9     Academic Accommodations and Accessible Education

 

View Western’s policy on academic accommodations for student with disabilities at this link.

 

Accessible Education provides supports and services to students with disabilities at Western.

If you think you may qualify for ongoing accommodation that will be recognized in all your courses, visit Accessible Education for more information.  Email: aew@uwo.ca  Phone: 519 661-2147

 

10  Absence & Academic Consideration

 

View Western’s policy on academic consideration for medical illnesses this link

 

Find your academic counsellor here: https://www.registrar.uwo.ca/faculty_academic_counselling.html

 

Students must see the Academic Counsellor and submit all required documentation in order to be approved for certain academic considerations. Students must communicate with their instructors no later than 24 hours after the end of the period covered SMC, or immediately upon their return following a documented absence.

 

Medical Absences

 

Submit a Student Medical Certificate (SMC) signed by a licensed medical or mental health practitioner to Academic Counselling in your Faculty of registration to be eligible for Academic Consideration.

 

Nonmedical Absences

 

Submit appropriate documentation (e.g., obituary, police report, accident report, court order, etc.) to Academic Counselling in your Faculty of registration to be eligible for academic consideration. Students are encouraged to contact their Academic Counselling unit to clarify what documentation is appropriate.

 

Religious Consideration

 

Students seeking accommodation for religious purposes are advised to contact Academic Counselling at least three weeks prior to the religious event and as soon as possible after the start of the term.

 

11  Other Information

 

 

Students who are in emotional/mental distress should refer to Health and Wellness@Western https://www.uwo.ca/health/ for a complete list of options about how to obtain help.

Please contact the course instructor if you require material in an alternate format or if you require any other arrangements to make this course more accessible to you.

 

If you wish to appeal a grade, please read the policy documentation at: https://www.uwo.ca/univsec/pdf/academic_policies/appeals/appealsundergrad.pdf. Please first contact the course instructor.
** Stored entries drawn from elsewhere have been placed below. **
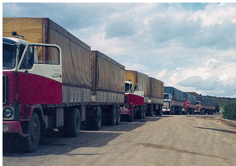
Väntan och åter väntan på lossning vid Volvo-fabriken i Teheran.

Nu börjar de dåliga vägarna märkas. Flera punkteringar. Lättnad efter passagen av den bulgariska gränsen med tanke på den tidigare olyckan med den bulgariska lastbilen. Polis-kontroller igen. Telefonkontakt med Sverige. Allt var bra hemma.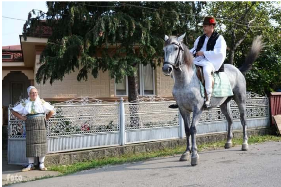
Fig. 2.3. Călăraș, invitând la nuntă.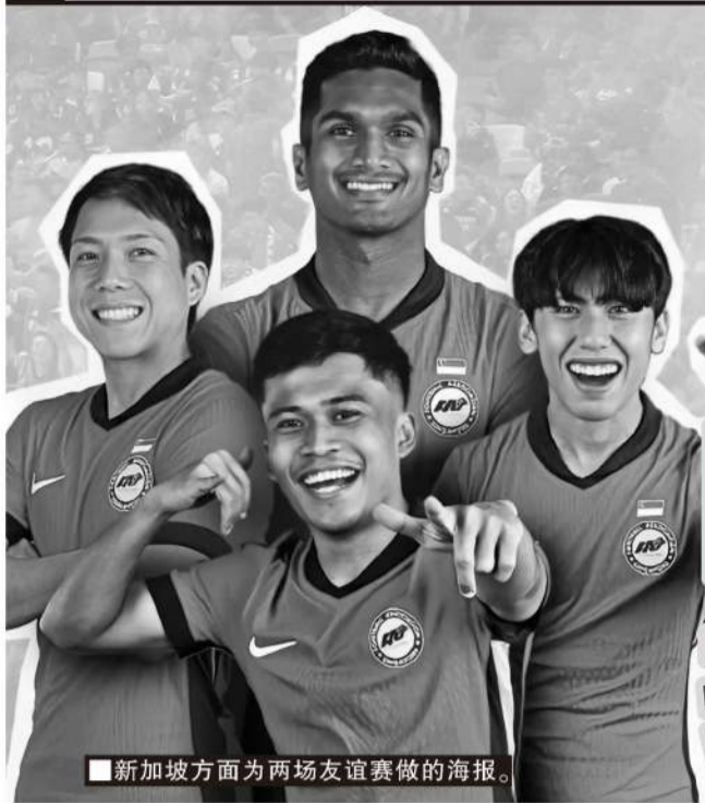
■新加坡方面为两场友谊赛做的海报。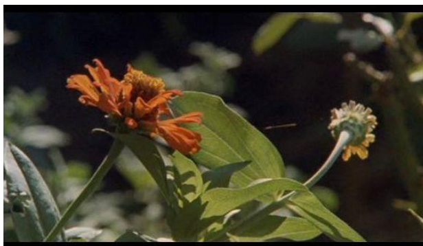
Figura 28 – Plano detalhe de planta com um fio de teia de aranha preso a ela

Sobre o terceiro elemento estilístico proposto por Bordwell e Thompson (2013), o som, em Shara , percebe-se que os sons de ambiência têm várias funções importantes. Uma delas é ajudar o espectador a entender melhor onde exatamente a personagem está, dentro do bairro (ajuda a se localizar espacialmente no bairro). Por exemplo, um som que aparece sucessivas vezes no filme e que indica que as personagens estão chegando perto da casa da família Aso é o som do sino que toca dentro do centro budista. Ele está presente logo no início do filme, por exemplo, quando Shun chega em casa (depois da escola) e deixa sua bicicleta na entrada da residência. Outra dessas funções dos sons de ambiência pode ser de ajudar em uma maior imersão do espectador no mundo do personagem, fazendo-o ter uma experiência sensorial de forma parecida com a que a personagem está tendo em cena (já que obviamente o espectador não é literalmente transportado para aquele ambiente que a personagem vive e sim seus sentidos são estimulados através de imagens e sons para assim surgir a experiência sensória). Um exemplo dessa outra função é o momento no qual Reiko está no jardim cuidando das plantas. Além dos planos que mostram a personagem fazendo jardinagem, também há planos detalhe mostrando flores, folhas, frutos e até pequenas teias de aranha que se formam entre as folhas. Junto com essas imagens, os sons do ambiente, como de pássaros e cigarras cantando e de galhos quebrando estão em evidência.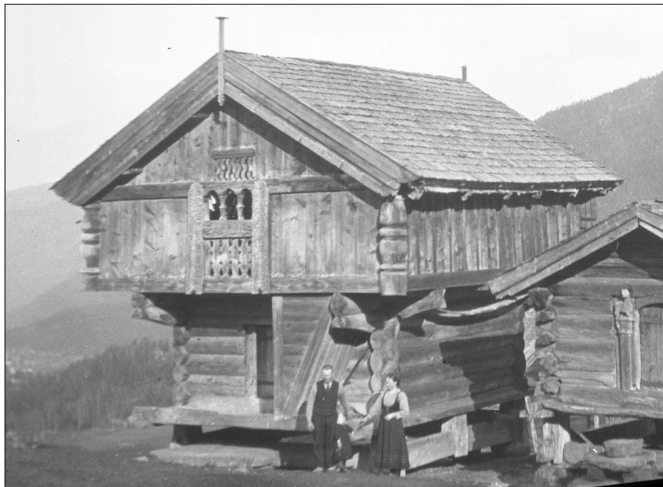
Den freda garden Sud-Aabø er eit verdifult kulturminne med fleire svært gamle bygningar.

- Oppslag i Telen om blankt avslag frå kommunen.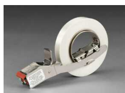
H-120 Для высокопрочных лент, металлический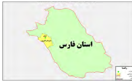
تصویر ۱: موقعیت جغرافیایی روستای دوان

و عرض جغرافیایی ۲۹ درجه و ۲۲/۵ دقیقه قرار گرفته است (لهسایی زاده و سلامی، ۱۳۷۰: ۱۶) (تصاویر ۱ تا ۳).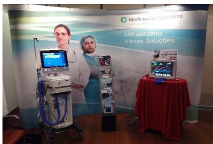
Figura 36 - Stand na reunião anual de cuidados intensivos pediátricos

No dia 16 de abril a Medicinália marcou presença na reunião anual de cuidados intensivos pediátricos (Figura 36) realizados no Centro Hospitalar do Porto, através de um stand de divulgação de equipamento de monitorização e ventilação, nomeadamente o ventilador S1 da Hamilton e monitor Nihon Kohden BSM 3762.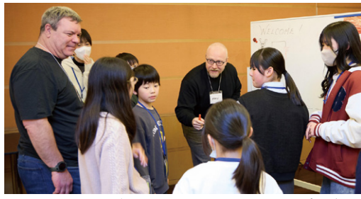
東京アメリカンクラブでの交流/青少年国際理解教育プログラム

If your issue is not resolved, you may make your appeal in writing to the Undergraduate Chair in Psychology (psyugrd@uwo.ca).

 

Copyright Statement

 

Lectures and course materials, including power point presentations, outlines, videos and similar materials, are protected by copyright. You may take notes and make copies of course materials for your own educational use. You may not record lectures, reproduce (or allow others to reproduce), post or distribute any course materials publicly and/or for commercial purposes without the instructor’s written consent.

 

12  Land Acknowledgement

 

We acknowledge that Western University is located on the traditional territories of the Anishinaabek, Haudenosaunee, Lūnaapéewak, and Chonnonton. Nations, on lands connected with the London Township and Sombra Treaties of 1796 and the Dish with One Spoon Covenant Wampum. This land continues to be home to diverse Indigenous Peoples (First Nations, Métis and Inuit) whom we recognize as contemporary stewards of the land and vital contributors of our society.